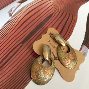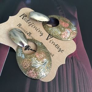 Vintage 80's mixed metal floral earrings. These drop earrings with gold, silver & a muted color floral pattern will add Fabulous to your favorite outfits!
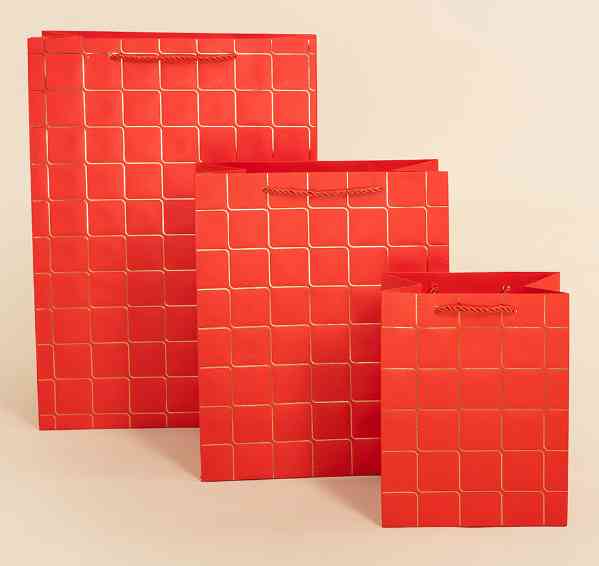 Пакет бумажный M 18х23см Золотые квадраты Дизайн №2 Красный
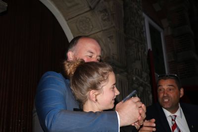 Voorafgaand mooie woorden, ontroerende optredens, fraaie cadeaus, gevolgd door een ovationeel applaus. Zie hier het afscheid van theaterdirecteur Ben van der Knaap, gisteravond in een ‘uitverkochte’ Sneker Schouwburg. Met Ben van der Knaap aan het roer ontstond er de afgelopen tien jaar nog al eens een overweldigende golfslag in cultureel Sneek/SWF. Zevenhonderd voorstellingen later, 300.000 bezoekers in ‘zijn’ theater zorgen ervoor dat de sympathieke Van der Knaap met een gerust hart afscheid kan nemen. ‘Waarom het verleden koesteren, waar de toekomst nog voor je ligt’, sprak de scheidend theaterdirecteur in zijn dankwoord.

WORK TO BE COMPLETED:
Retype the whole of the data verbatim. Skip every picture.

REPLY:
 Vintage 80's mixed metal floral earrings. These drop earrings with gold, silver & a muted color floral pattern will add Fabulous to your favorite outfits!
 Пакет бумажный M 18х23см Золотые квадраты Дизайн №2 Красный
 Voorafgaand mooie woorden, ontroerende optredens, fraaie cadeaus, gevolgd door een ovationeel applaus. Zie hier het afscheid van theaterdirecteur Ben van der Knaap, gisteravond in een ‘uitverkochte’ Sneker Schouwburg. Met Ben van der Knaap aan het roer ontstond er de afgelopen tien jaar nog al eens een overweldigende golfslag in cultureel Sneek/SWF. Zevenhonderd voorstellingen later, 300.000 bezoekers in ‘zijn’ theater zorgen ervoor dat de sympathieke Van der Knaap met een gerust hart afscheid kan nemen. ‘Waarom het verleden koesteren, waar de toekomst nog voor je ligt’, sprak de scheidend theaterdirecteur in zijn dankwoord.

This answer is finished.